This brings up an interesting issue. One of the important goals for C++ is to compile as much existing C code as possible to allow for an easy transition to the new language. Notice in the above example how Standard C library functions are used. In addition, all C operators and expressions are available in C++. However, this doesn’t mean any code that C allows will automatically be allowed in C++. There are a number of things the C compiler lets you get away with that are dangerous and error-prone. (We’ll look at them as the book progresses.) The C++ compiler generates warnings and errors for these situations. This is often much more of an advantage than a hindrance. In fact, there are many situations where you are trying to run down an error in C and just can’t find it, but as soon as you recompile the program in C++, the compiler points out the problem! In C, you’ll often find that you can get the program to compile, but then you have to get it to work. In C++, often when the program compiles correctly, it works, too! This is because the language is a lot stricter about type.

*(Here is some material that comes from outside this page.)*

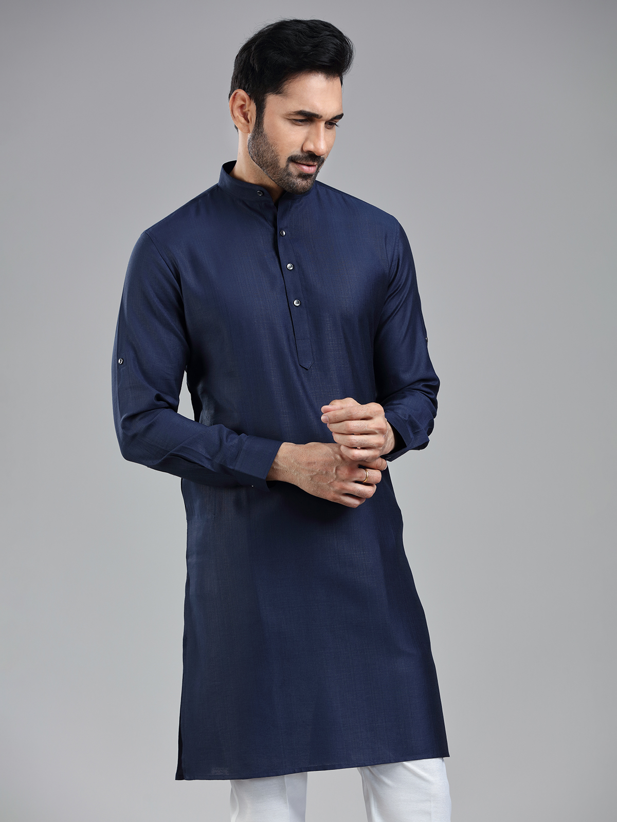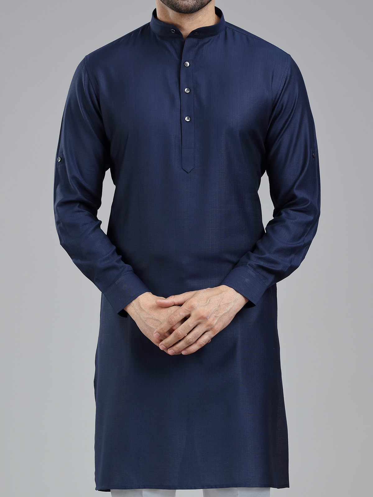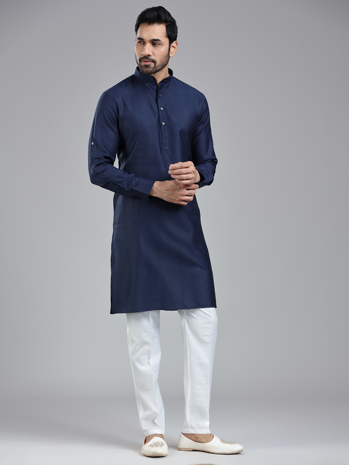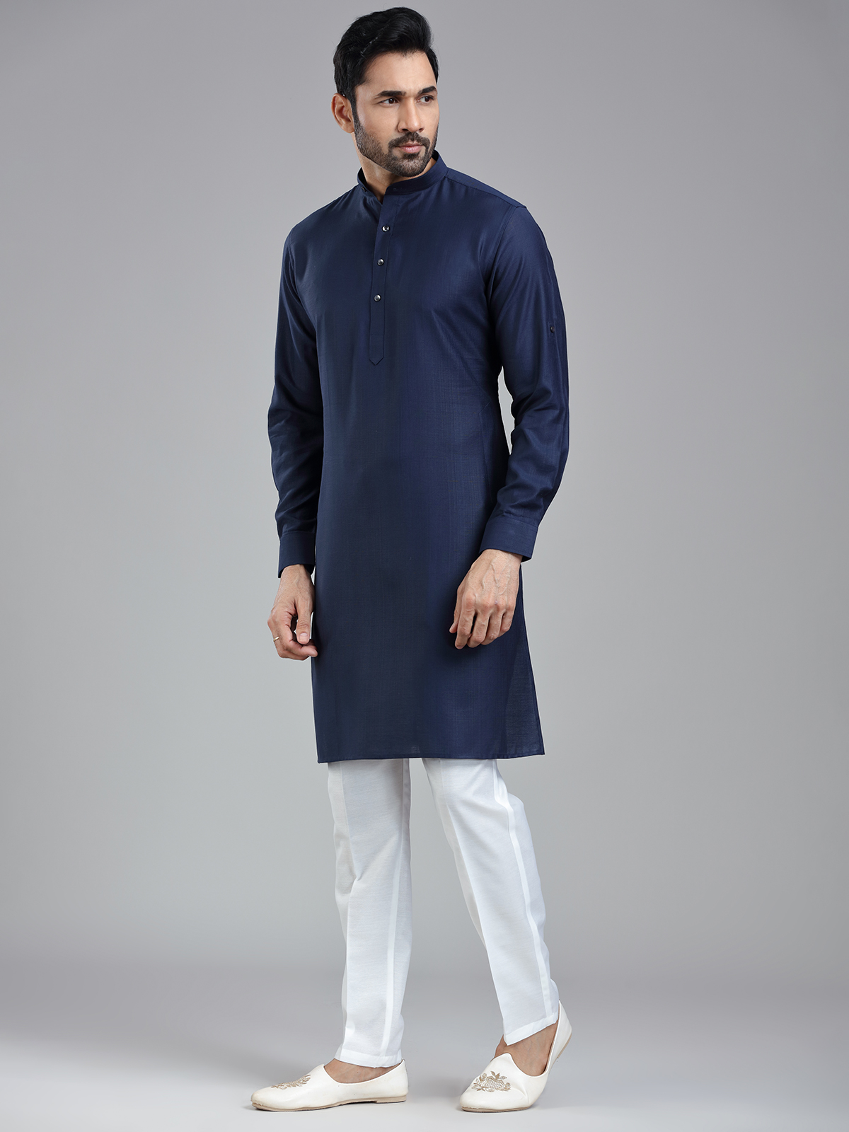 This oxford navy kurta suit, crafted from rayon cotton fabric, features a refined, sober design. The mandarin collar adds an elegant touch, and the white bottom ensures a coordinated appearance, making it perfect for weddings and celebrations.

You can see a number of new things in the way the C++ version of Stash is used, in the following test program:

//: C04:Libtest.cpp
//{L} Libcpp
// Test of C++ library
#include <cstdio>
#include "../require.h"
#include "Libcpp.h"
using namespace std;
#define BUFSIZE 80

int main() {
  Stash intStash, stringStash;
  int i;
  FILE* file;
  char buf[BUFSIZE];
  char* cp;
  // ....
  intStash.initialize(sizeof(int));
  for(i = 0; i < 100; i++)
    intStash.add(&i);
  // Holds 80-character strings:
  stringStash.initialize(sizeof(char)*BUFSIZE);
  file = fopen("Libtest.cpp", "r");
  require(file != 0);
  while(fgets(buf, BUFSIZE, file))
    stringStash.add(buf);
  fclose(file);

  for(i = 0; i < intStash.count(); i++)
    printf("intStash.fetch(%d) = %d\n", i,
           *(int*)intStash.fetch(i));

  i = 0;
  while(
    (cp = (char*)stringStash.fetch(i++))!=0)
      printf("stringStash.fetch(%d) = %s",
             i - 1, cp);
  putchar('\n');
  intStash.cleanup();
  stringStash.cleanup();
} ///:~

The code is quite similar, but when a member function is called, the call occurs using the member selection operator ‘ .’ preceded by the name of the variable. This is a convenient syntax because it mimics the selection of a data member of the structure. The difference is that this is a function member, so it has an argument list.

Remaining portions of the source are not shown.